Poynting vector distribution in the femur and pelvis for three antenna position pairs: (a) transmission from position 1 to position 2, (b) transmission from position 3 to position 4, and (c) transmission from position 4 to position 5. Poynting vector magnitude is represented by color, warmer is larger

In addition to the results shown in the figures, simulations were performed with a dielectric “belt” between the transmitting and receiving antennas to attenuate the surface wave. The effect was not strong enough to reduce the magnitude of the surface wave to a level comparable to that of the wave propagating through the bone.

4 Discussion

4.1 Limitations

This study only considered the strongest component of the received wave. Simulations suggest that this component likely propagates through skin, fat, and muscle when the antennas are on the same side of the body compartment. The same simulations also suggest propagation occurs through the bone and this second component will accrue some phase shift (delay) relative to the one that propagates through the soft tissue.

This study performed in vivo measurements on only one subject, a 26-year-old male, who is not at significant risk of osteoporosis according to standard risk factors.
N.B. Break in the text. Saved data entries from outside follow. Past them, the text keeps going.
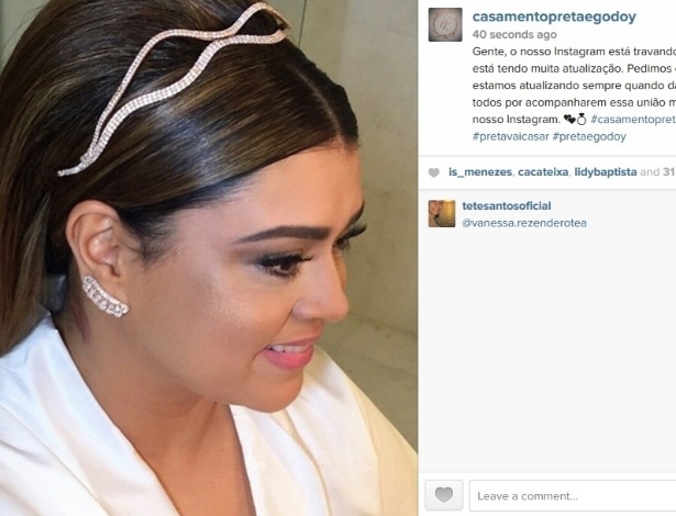 - 11.mai.2015 - O cantor Thiaguinho usa o seu Instagram para homenagear os noivos Preta Gil e Rodrigo Godoy, que se casam na noite desta terça no Rio de Janeiro. Ele explica que não poderá estar presente na celebração por conta da gravação do programa "Música Ao Vivo", do canal Multishow. "Dia feliz! Dia de casamento! Amo esses dois... E me sinto honrado em ver desde o início essa relação que se oficializa hoje.. Deus abençoe vocês! Não estarei no altar (apresento o Musica Boa no mesmo horário), mas minha esposa e minha mãe representarão nossa família e eu sou padrinho mesmo assim!!!", escreveu o pagodeiro Reprodução/Instagram/thbarbosa Mais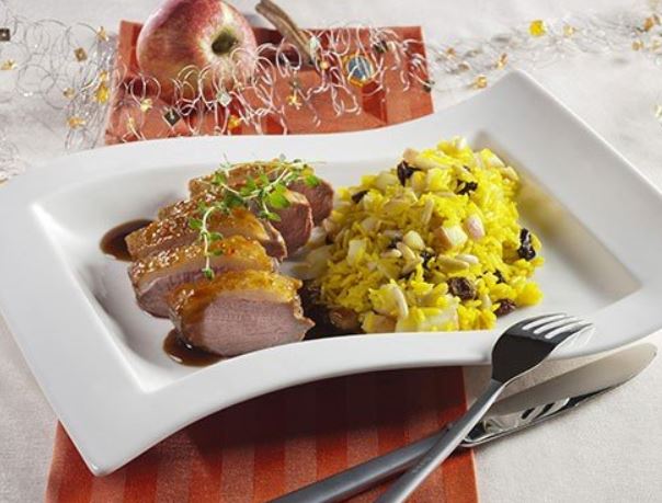 Quelle: https://www.ichkoche.at/honig-entenbrust-mit-curryreis-rezept-190018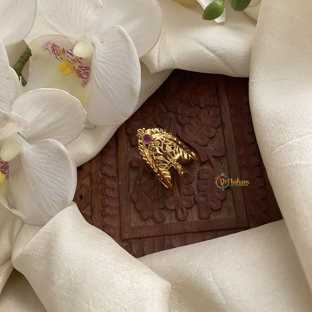 Strike a pose with the Vriksham Designer Gold Look Alike Vangi Ring in red. This stunning piece features intricate design details and a luxurious gold finish that will elevate any outfit. Get the look of gold without the cost, and make a statement with this exclusive ring.

In vivo spectra were determined from a single frequency sweep; therefore, noise contents in the spectra are more significant than had the measurements been performed using averaging of multiple sweeps.
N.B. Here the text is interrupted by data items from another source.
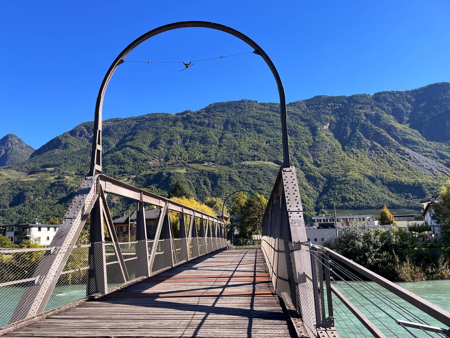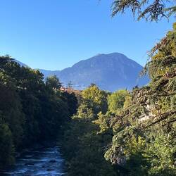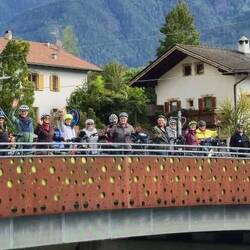 9:00 Abfahrt Richtung Meran mit dem Rad. Ein kurzer Stop in Maling, um die Reitbahn zu besichtigen, dann ging es weiter durch Meran über die Brücken der Passer mit direktem Blick auf dieLæs mere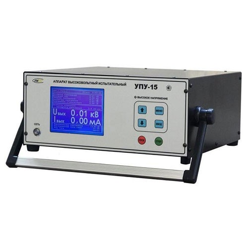 Аппарат высоковольтный испытательный УПУ-15 ориентирован на генерирование напряжения переменного тока синусоидальной формы частотой 50 Гц, напряжения постоянного тока, а также измерение напряжения и силы переменного и постоянного токов при проведении испытаний и диагностировании изоляции силовых кабелей, ограничителей перенапряжения, твердых диэлектриков, средств защиты и других объектов и материалов, для испытаний которых требуется высокое напряжение. Кроме того, совместно с ванной испытательной АВИЦ-20П, аппарат позволяет в автоматическом режиме проводить испытание средств защиты, используемых в электроустановках.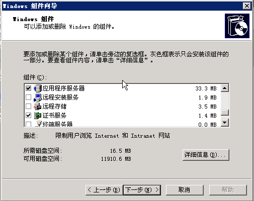 依次点击:“添加删除windows组件”,在组件向导中选中“应用程序服务器”与“证书服务”,先不要点击下一步: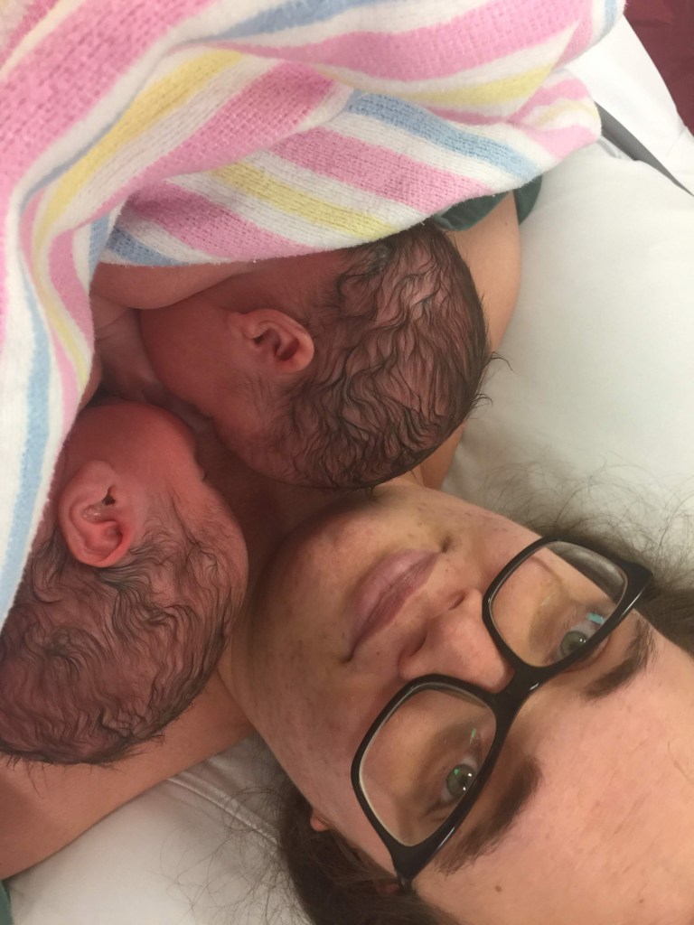 Finally the day came for our elective csection. We decided this was the safest way just incase Twin Bs skull wasn’t okay. They delivered him first, I still expected to see a huge cyst on top of his head when they pulled him out. Then out he came, screaming his lungs off, it was the most beautiful noise I had ever heard. And there it was, his head, his perfectly normal head. I’ve never felt so much relief before. He was fine! His brother joined us not long after, he too was kicking and screaming, it was the most amazing sound. They placed them both on my chest, it was such an amazing feeling. I had never been so happy before. I could finally hold my two healthy babies!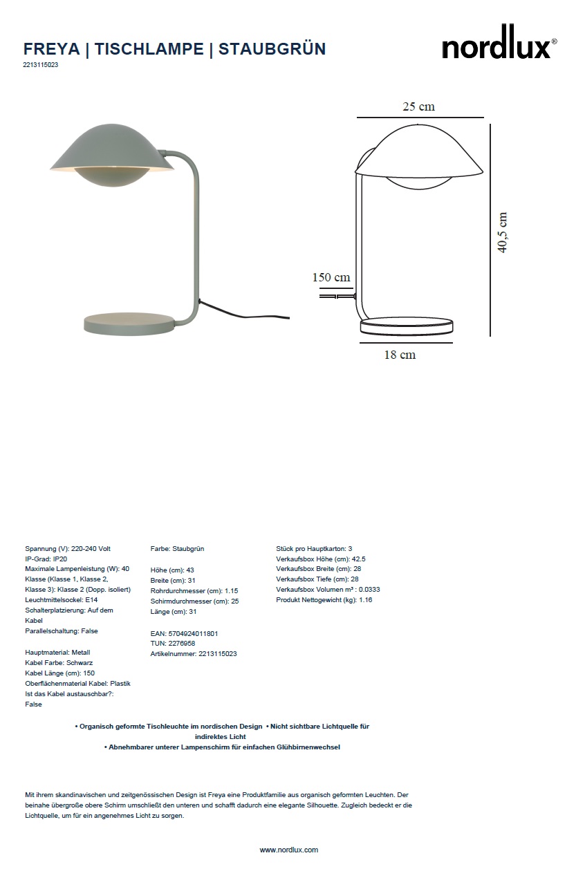 Lieferumfang : 1x Tischlampe Freya, grün, ohne Leuchtmittel. Bestellen Sie sich doch eine passende und sparsame E14 LED-Lampe gleich mit!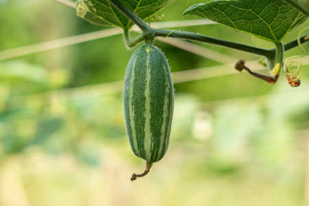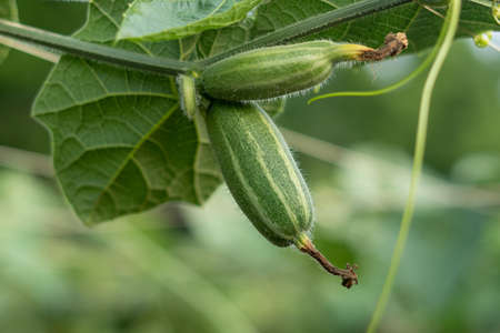luffa acutangular, Cucurbitaceae green vegetable fresh in garden on nature background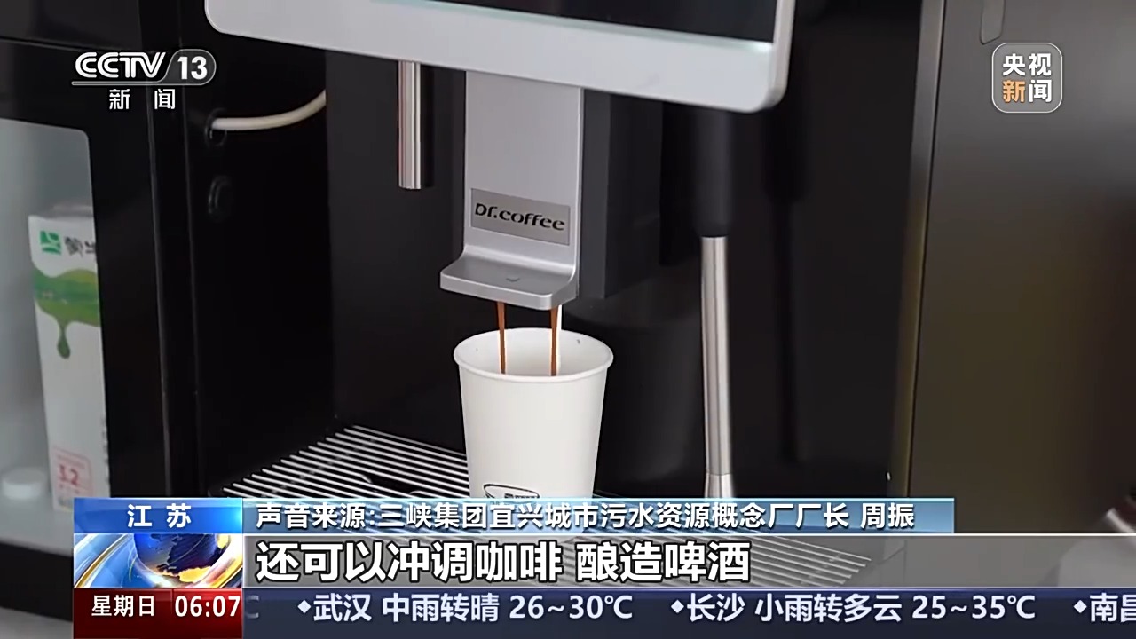 三峡集团宜兴城市污水资源概念厂厂长 周振:在这里,“污水”不仅可以直饮,还可以冲调咖啡、酿造啤酒,展示着未来污水利用的多重可能。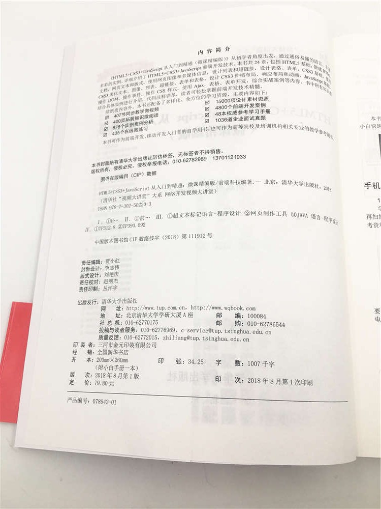 1. 《HTML5+CSS3+JavaScript从入门到精通(微课精编版)》提供了多样化、全方位的学习资源,帮助读者轻松掌握HTML5+CSS3+JavaScript 技术,从小白快速成长为前端开发高手。

Matched (Set A) and unmatched (Set B) antennas are not identical and have different resonant frequencies. Set A had a bandwidth of about 230 MHz, centered on about 675 MHz (when matched) and Set B had a bandwidth of about 420 MHz, centered on about 215 MHz.
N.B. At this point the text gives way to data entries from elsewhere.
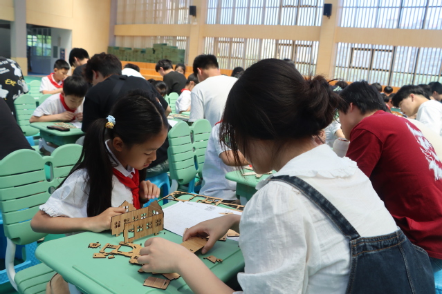 活动伊始,王晨歌向小学生们介绍了激光切割原理和创客文化的精神。随后,机械工程系学生干部们一对一地指导小学生如何从零开始,利用简单的材料制作出属于自己的创客作品。在这个过程中,小学生们的创意得到了充分的发挥,他们设计了各式各样的模型和小发明,从简单的齿轮结构到复杂的小型机器人,每一个作品都充满了想象力。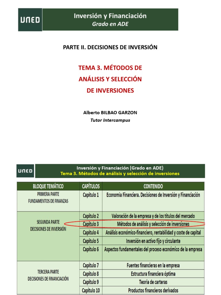 Tema 3. Métodos de análisis y selección de inversiones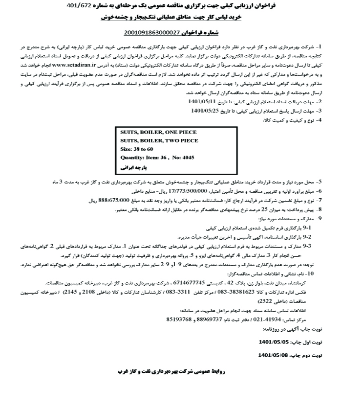 خريد لباس کار جهت  مناطق عملياتي تنگ‌بيجار و چشمه‌خوش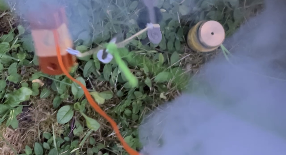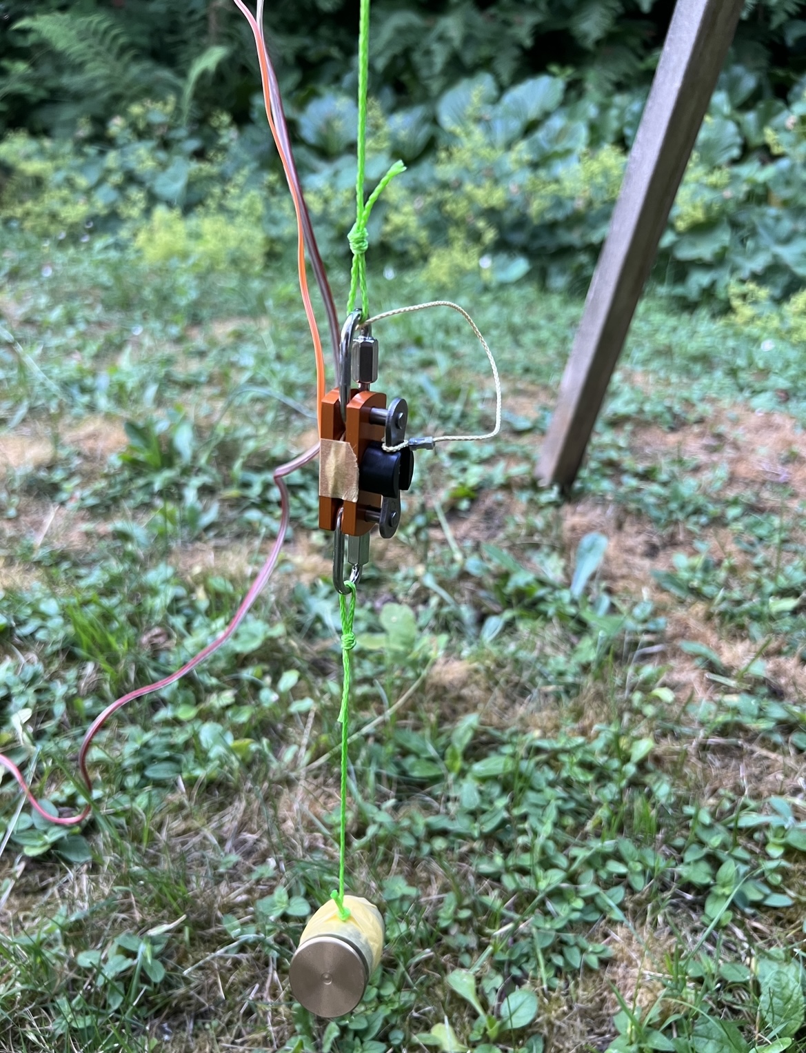 Der Federstahlhaken ist durch mehrere Starts schon so ausgeglüht, dass von Federwirkung keine Rede mehr sein kann. Beim letzten Flug ist mir der Motore rausgeflogen, zum Glück aber noch der Fallschirm gekommen. Und der Durchmesser würde sogar eine bessere Aerodynamik ergeben, obwohl das bei der ansonsten doch etwas plumpen Form wohl nicht viel ausmacht; fliegt mit einem D9 gerade mal auf ca. 140 m.

4.2 Validation of Simulation Using In Vivo Results

While the measured and simulated results are not a perfect match, the resonant frequencies are collocated in the two spectra for the same antenna set and positions. Some of the difference in transmission coefficient magnitude between the measured and simulated spectra is due to differences between the model and the physical subject. These differences include the level of detail of the CAD model, and differences in physical shape between the CAD model and the subject.

4.3 Propagation Paths and Antenna Position

To achieve transmission through the bone, antennas should be placed on the opposite sides of the body compartment. If placed on the same side of the body compartment, the surface wave has the shortest path between the two antennas and thereby dominates the received signal. Direct transmission across a body compartment, contrarily, puts the shortest path between the antennas through the bone at the center of the compartment, and the Poynting vector for such a setup is the largest at the center of the compartment [39]. This is illustrated in Fig. 9, where the distribution in part C shows more even transmission through the femoral neck than part A. Part C’s antennas are transmitting across the compartment while part A’s transmit in a u-shape, starting and ending on the same side of the compartment.

4.4 Frequency Choice for Propagation Through Bone

It is common knowledge that lower frequencies provide better human body penetration but lower spatial resolution in microwave imaging. Our simulations have confirmed this, but we also note that in this application we can consider frequencies that are lower than traditionally considered for microwave imaging of the human body, due to the independence of this approach from spatial features. Therefore, a frequency of operation closer to 60 MHz with a reduced surface wave is preferable in this application to a higher frequency. Any waveguide-like effects from higher-frequency waves propagating through bones are overshadowed by the lack of penetration to reach the bones in the first place, and by the large surface-propagating waves produced by these high frequencies.